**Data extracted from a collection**
--- START ---

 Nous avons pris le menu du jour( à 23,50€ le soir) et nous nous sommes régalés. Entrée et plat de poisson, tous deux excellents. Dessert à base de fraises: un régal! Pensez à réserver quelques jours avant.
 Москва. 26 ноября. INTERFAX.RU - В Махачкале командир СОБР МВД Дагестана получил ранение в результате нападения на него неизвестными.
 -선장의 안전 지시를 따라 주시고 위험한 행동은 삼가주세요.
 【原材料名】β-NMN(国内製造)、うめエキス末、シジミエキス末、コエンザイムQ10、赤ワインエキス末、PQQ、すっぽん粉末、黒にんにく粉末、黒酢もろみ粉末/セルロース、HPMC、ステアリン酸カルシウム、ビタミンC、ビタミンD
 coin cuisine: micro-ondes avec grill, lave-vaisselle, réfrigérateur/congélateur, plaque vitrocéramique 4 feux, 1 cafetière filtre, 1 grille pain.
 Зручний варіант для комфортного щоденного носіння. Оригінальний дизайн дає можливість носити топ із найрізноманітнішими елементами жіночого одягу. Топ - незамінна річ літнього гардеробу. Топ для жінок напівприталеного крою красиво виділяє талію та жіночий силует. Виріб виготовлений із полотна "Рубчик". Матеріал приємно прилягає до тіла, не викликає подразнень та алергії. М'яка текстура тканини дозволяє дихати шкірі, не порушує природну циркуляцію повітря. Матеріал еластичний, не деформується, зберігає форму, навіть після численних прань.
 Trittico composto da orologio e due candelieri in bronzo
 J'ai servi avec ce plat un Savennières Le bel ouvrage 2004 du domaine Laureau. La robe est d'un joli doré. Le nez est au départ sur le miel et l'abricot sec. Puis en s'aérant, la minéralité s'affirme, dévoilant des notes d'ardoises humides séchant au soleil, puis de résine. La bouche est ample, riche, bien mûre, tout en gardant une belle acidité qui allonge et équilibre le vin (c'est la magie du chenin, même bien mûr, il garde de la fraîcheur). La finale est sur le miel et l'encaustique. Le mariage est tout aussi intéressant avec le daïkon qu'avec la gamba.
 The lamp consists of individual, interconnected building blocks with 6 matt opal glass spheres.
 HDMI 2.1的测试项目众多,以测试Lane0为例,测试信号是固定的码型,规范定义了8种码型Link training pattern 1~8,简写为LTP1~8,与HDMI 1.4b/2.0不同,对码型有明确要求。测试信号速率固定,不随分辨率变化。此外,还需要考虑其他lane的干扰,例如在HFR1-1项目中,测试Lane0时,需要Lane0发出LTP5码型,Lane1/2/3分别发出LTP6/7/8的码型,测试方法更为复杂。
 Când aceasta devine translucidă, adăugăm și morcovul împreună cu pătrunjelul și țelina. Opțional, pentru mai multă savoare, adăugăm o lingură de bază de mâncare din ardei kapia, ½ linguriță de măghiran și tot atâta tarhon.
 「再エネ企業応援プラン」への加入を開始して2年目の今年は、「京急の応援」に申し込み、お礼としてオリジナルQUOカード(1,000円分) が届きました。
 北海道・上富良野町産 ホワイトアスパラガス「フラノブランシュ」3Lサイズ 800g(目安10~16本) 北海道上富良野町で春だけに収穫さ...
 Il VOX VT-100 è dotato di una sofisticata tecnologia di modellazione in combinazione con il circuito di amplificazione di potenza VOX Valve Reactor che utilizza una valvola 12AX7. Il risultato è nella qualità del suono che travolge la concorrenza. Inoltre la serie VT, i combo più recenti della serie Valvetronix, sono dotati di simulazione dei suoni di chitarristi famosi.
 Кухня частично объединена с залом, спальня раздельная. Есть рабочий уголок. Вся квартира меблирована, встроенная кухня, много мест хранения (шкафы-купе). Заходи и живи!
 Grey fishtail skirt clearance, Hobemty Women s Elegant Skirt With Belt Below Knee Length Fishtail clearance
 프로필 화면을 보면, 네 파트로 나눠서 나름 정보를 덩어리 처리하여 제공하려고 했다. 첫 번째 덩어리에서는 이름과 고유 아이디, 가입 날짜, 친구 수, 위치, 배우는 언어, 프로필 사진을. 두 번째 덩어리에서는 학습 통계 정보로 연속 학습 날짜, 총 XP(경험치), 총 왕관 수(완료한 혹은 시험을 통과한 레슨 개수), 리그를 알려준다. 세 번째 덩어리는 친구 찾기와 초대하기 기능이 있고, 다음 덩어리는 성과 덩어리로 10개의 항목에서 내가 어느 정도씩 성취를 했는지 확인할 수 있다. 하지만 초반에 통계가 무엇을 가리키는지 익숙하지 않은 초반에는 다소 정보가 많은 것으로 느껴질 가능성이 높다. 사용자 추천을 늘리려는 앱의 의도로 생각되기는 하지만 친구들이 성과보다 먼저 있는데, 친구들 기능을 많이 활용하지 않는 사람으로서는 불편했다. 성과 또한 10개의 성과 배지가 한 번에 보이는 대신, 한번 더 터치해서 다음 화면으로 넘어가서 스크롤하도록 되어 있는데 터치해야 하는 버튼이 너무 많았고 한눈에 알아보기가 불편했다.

--- END ---

**EXERCISE OBJECTIVE**
In the reply, include exactly the lines from the beginning of the entries above through the line holding "Trittico composto da", and nothing besides.

**REPLY**
 Nous avons pris le menu du jour( à 23,50€ le soir) et nous nous sommes régalés. Entrée et plat de poisson, tous deux excellents. Dessert à base de fraises: un régal! Pensez à réserver quelques jours avant.
 Москва. 26 ноября. INTERFAX.RU - В Махачкале командир СОБР МВД Дагестана получил ранение в результате нападения на него неизвестными.
 -선장의 안전 지시를 따라 주시고 위험한 행동은 삼가주세요.
 【原材料名】β-NMN(国内製造)、うめエキス末、シジミエキス末、コエンザイムQ10、赤ワインエキス末、PQQ、すっぽん粉末、黒にんにく粉末、黒酢もろみ粉末/セルロース、HPMC、ステアリン酸カルシウム、ビタミンC、ビタミンD
 coin cuisine: micro-ondes avec grill, lave-vaisselle, réfrigérateur/congélateur, plaque vitrocéramique 4 feux, 1 cafetière filtre, 1 grille pain.
 Зручний варіант для комфортного щоденного носіння. Оригінальний дизайн дає можливість носити топ із найрізноманітнішими елементами жіночого одягу. Топ - незамінна річ літнього гардеробу. Топ для жінок напівприталеного крою красиво виділяє талію та жіночий силует. Виріб виготовлений із полотна "Рубчик". Матеріал приємно прилягає до тіла, не викликає подразнень та алергії. М'яка текстура тканини дозволяє дихати шкірі, не порушує природну циркуляцію повітря. Матеріал еластичний, не деформується, зберігає форму, навіть після численних прань.
 Trittico composto da orologio e due candelieri in bronzo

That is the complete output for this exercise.